Context: Google AI Overviews trigger on ~48% of searches; ChatGPT
processes 2.5B queries/day; Gartner projects commercial organic
search traffic will drop 25% by 2026. Monitoring is no longer optional.
## Commercial tools
| Tool | Platforms covered | Strong points | Weak points |
|---|---|---|---|
| **OtterlyAI** (otterly.ai) | ChatGPT, Perplexity, Gemini, AI Overviews, Copilot | Mature, 20k+ users, Gartner-recognised | Pricing mid-to-high |
| **Peec AI** (peec.ai) | ChatGPT, Perplexity, Gemini, AI Overviews | Good SaaS-brand focus, sentiment analysis | Narrower platform scope |
| **Profound** (tryprofound.com) | ChatGPT, Perplexity, Gemini, Copilot | Enterprise-grade, full-response capture | Enterprise pricing |
| **ZipTie** (ziptie.dev) | ChatGPT, Perplexity, AI Overviews | Competitive benchmarking, source attribution | Smaller team, newer |
| **HubSpot AEO** (hubspot.com/products/aeo) | ChatGPT, Gemini, Perplexity | Integrates with HubSpot ecosystem | Best if already HubSpot user |
| **Trendos** (trendos by Tesonet) | ChatGPT, Gemini, AI Search, Perplexity, DeepSeek | Added DeepSeek coverage, 2026 launch | Unproven longevity |
| **SE Ranking AI Tracker** (seranking.com) | ChatGPT, Perplexity, Gemini, AI Mode, AI Overviews | Bundled with classical SEO suite | Less specialised |
| **LLMrefs** (llmrefs.com) | ChatGPT, Perplexity, Gemini, Claude | GEO focus, research-backed | Newer, less tested |
## Free / manual methods (zero budget)
For clients/projects with no monitoring budget, a manual process works
at lower frequency. Recommended cadence: monthly for established
brands, weekly during optimization sprints.

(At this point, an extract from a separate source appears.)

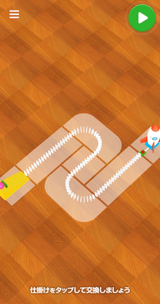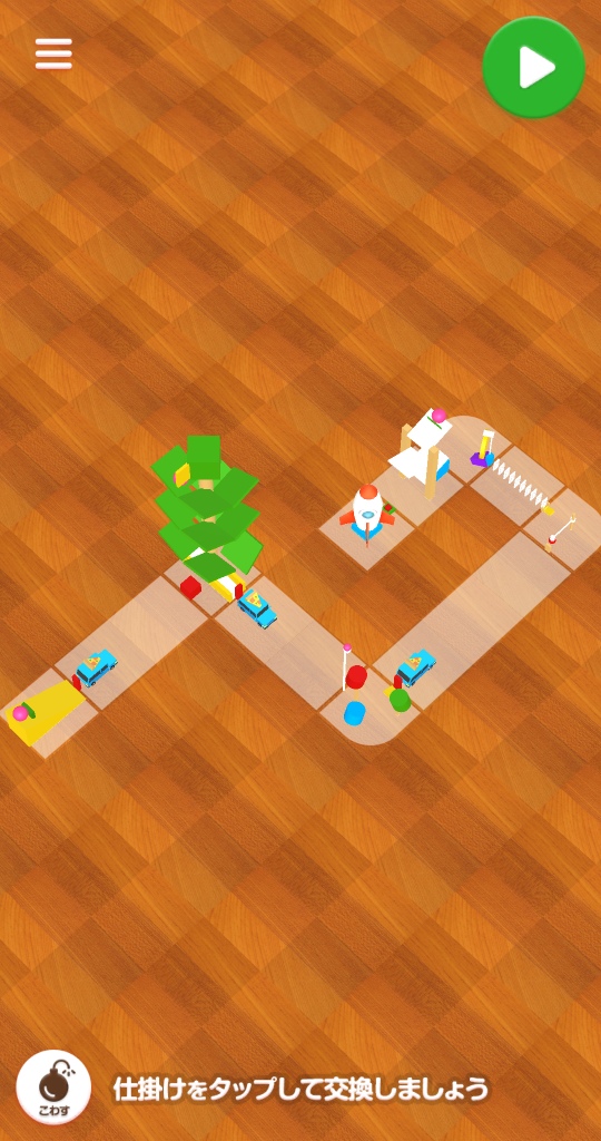 このままスタートしても観賞用のアプリとして楽しめますが、しかけを入れ替えるだけで、オリジナルのコースとして全然別のものを作れるのが楽しいです。

### Query list construction
Build a list of 20-40 queries covering:
1. **Branded queries** — "what is [brand]", "is [brand] good", "[brand] reviews"
2. **Generic category queries** — "best [category] in [location]", "how to [problem]"
3. **Comparison queries** — "[brand] vs [competitor]", "alternatives to [brand]"
4. **Problem queries** — the actual questions the target persona asks
### Manual check workflow
For each query, run across:
- **ChatGPT** (web version with search enabled, chatgpt.com)
- **Perplexity** (perplexity.ai)
- **Google AI Overviews** (google.com — appears for ~48% of searches)
- **Claude** (claude.ai with web search)
- **Gemini** (gemini.google.com)
- **Copilot** (copilot.microsoft.com)
- **Brave Search AI** (search.brave.com)
- **DuckAssist** (duckduckgo.com)
Record for each:
- Mentioned? (yes/no)
- Cited with link? (yes/no + which page)
- Position in answer? (1st mention / buried / listed)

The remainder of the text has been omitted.